# Requirement
Give back the whole listing verbatim, printing none of its pictures.

# Information provided
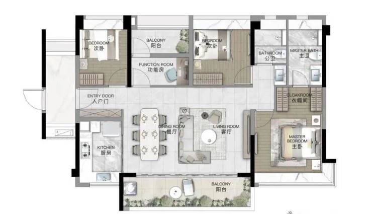 143㎡四房实现四面朝南的奢阔格局,南北双阳台让清风穿堂而过,园林景致如画卷般在眼前舒展。
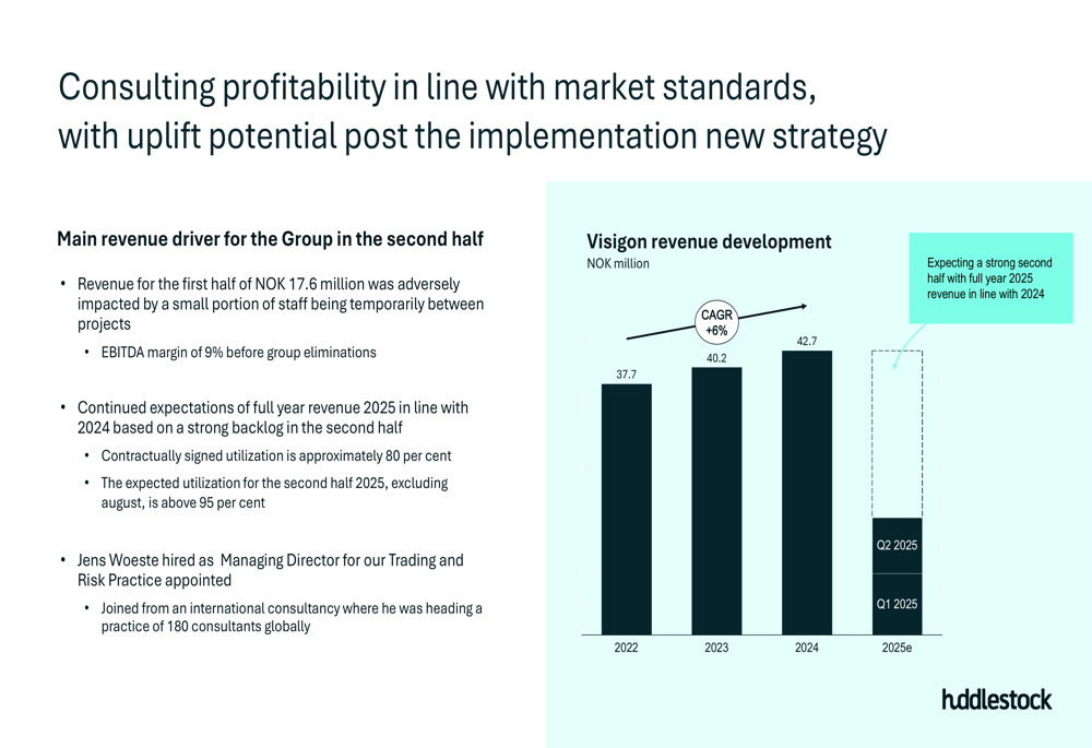 The company’s consulting division, Visigon, is expected to be the main revenue driver for the group in the second half of 2025. Visigon generated revenue of NOK 17.6 million in the first half with an EBITDA margin of 9% before group eliminations. Management expects full-year 2025 revenue to be in line with 2024, based on a strong backlog for the second half.
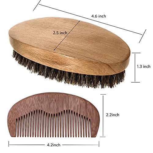- REAL WOOD HANDLES: beard brush comb are crafted from environmentally friendly beechwood , being solid yet smooth to the touch. A perfect combination. Small but mighty. Its dimensions:4.7”L x 2.5”W x 1.25”H. Bristle Lenght: 1.02”?the ergonomic design fits the palm of your hand rather comfortably
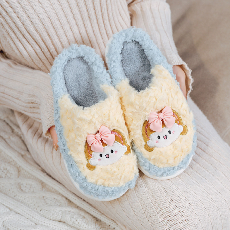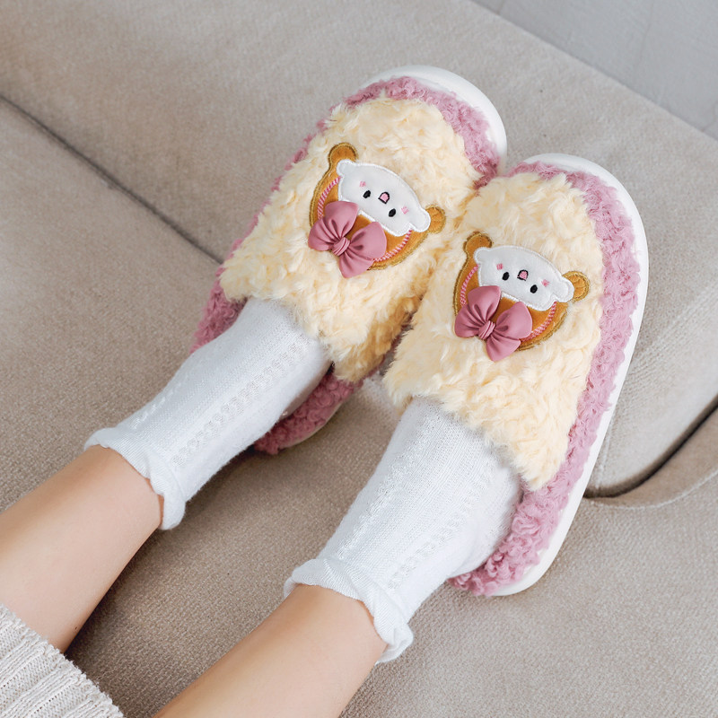 Girl Heart Winter Sweet Indoor Warm Half Pack Heel Plush Cotton Slippers Cute Cartoon Anti-slip Baotou Home Shoes

# Solution below
 143㎡四房实现四面朝南的奢阔格局,南北双阳台让清风穿堂而过,园林景致如画卷般在眼前舒展。
 The company’s consulting division, Visigon, is expected to be the main revenue driver for the group in the second half of 2025. Visigon generated revenue of NOK 17.6 million in the first half with an EBITDA margin of 9% before group eliminations. Management expects full-year 2025 revenue to be in line with 2024, based on a strong backlog for the second half.
- REAL WOOD HANDLES: beard brush comb are crafted from environmentally friendly beechwood , being solid yet smooth to the touch. A perfect combination. Small but mighty. Its dimensions:4.7”L x 2.5”W x 1.25”H. Bristle Lenght: 1.02”?the ergonomic design fits the palm of your hand rather comfortably
 Girl Heart Winter Sweet Indoor Warm Half Pack Heel Plush Cotton Slippers Cute Cartoon Anti-slip Baotou Home Shoes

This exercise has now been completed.